Re: pg_basebackup stream xlog to tar

From: Michael Paquier <michael(dot)paquier(at)gmail(dot)com>
To: Magnus Hagander <magnus(at)hagander(dot)net>
Cc: PostgreSQL-development <pgsql-hackers(at)postgresql(dot)org>
Subject: Re: pg_basebackup stream xlog to tar
Date: 2016-09-05 08:01:42
Message-ID: CAB7nPqRmGuyVB6pav5Ee=H+DM-XaNM98e-xeG4xV4wb6Urk+CA@mail.gmail.com
Views: Raw Message | Whole Thread | Download mbox | Resend email
Thread:
Lists: pgsql-hackers

On Sat, Sep 3, 2016 at 10:35 PM, Magnus Hagander <magnus(at)hagander(dot)net> wrote:
> Ugh. That would be nice to have, but I think that's outside the scope of
> this patch.

A test for this patch that could have value would be to use
pg_basebackup -X stream -Ft, then untar pg_xlog.tar and look at the
size of the segments. If you have an idea to untar something without
the in-core perl support because we need to have the TAP stuff able to
run on at least 5.8.8, I'd welcome an idea. Honestly I still have
none, and that's why the recovery tests do not use tarballs in their
tests when using pg_basebackup. In short let's not add something more
for this patch.

> PFA is an updated version of this patch that:
> * documents a magic value passed to zlib (which is in their documentation as
> being a magic value, but has no define)
> * fixes the padding of tar files
> * adds a most basic test that the -X stream -Ft does produce a tarfile

So I had a more serious look at this patch, and it basically makes
more generic the operations done for the plain mode by adding a set of
routines that can be used by both tar and plain mode to work on the
WAL files streamed. Elegant.

+ <para>
+ The transaction log files will be written to
+ the <filename>base.tar</filename> file.
+ </para>
Nit: number of spaces here.

-mark_file_as_archived(const char *basedir, const char *fname)
+mark_file_as_archived(StreamCtl *stream, const char *fname)
Just passing WalMethod as argument would be enough, but... My patch
adding the fsync calls to pg_basebackup could just make use of
StreamCtl, so let's keep it as you suggest.

static bool
existsTimeLineHistoryFile(StreamCtl *stream)
{
[...]
+ return stream->walmethod->existsfile(histfname);
}
existsfile returns always false for the tar method. This does not
matter much because pg_basebackup exists immediately in case of a
failure, but I think that this deserves a comment in ReceiveXlogStream
where existsTimeLineHistoryFile is called.

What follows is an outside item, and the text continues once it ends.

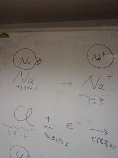 電子がくっついたり、離れたりすることがイメージ出来ていないので、絵を書いて教える(写真のように)。
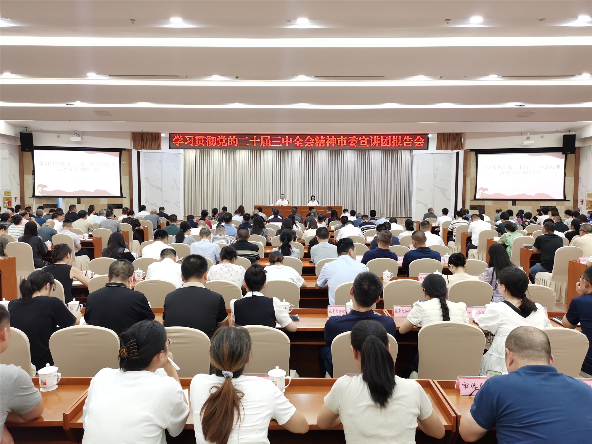 9月4日,學(xué)習(xí)貫徹黨的二十屆三中全會精神綿陽市委宣講團報告會在綿陽長虹技術(shù)中心舉辦,綿陽市委宣講團(市直機關(guān)宣講分團)負(fù)責(zé)人、市委市直機關(guān)工委常務(wù)副書記向斌作宣講報告。綿陽市直機關(guān)黨組織書記、專職副書記、機關(guān)紀(jì)委書記、黨辦主任、黨員代表共計290余人參加報告會。綿陽市委市直機關(guān)工委副書記熊薇主持報告會。

I find the use of existsfile() in open_walfile() rather confusing
because this relies on the fact that existsfile() returns always
false for the tar mode. We could add an additional field in WalMethod
to store the method type and use that more, but that may make the code
more confusing than what you propose. What do you think?

+ int (*unlink) (const char *pathname);
The unlink method is used nowhere. This could just be removed.

-static void
+void
print_tar_number(char *s, int len, uint64 val)
This could be an independent patch. Or not.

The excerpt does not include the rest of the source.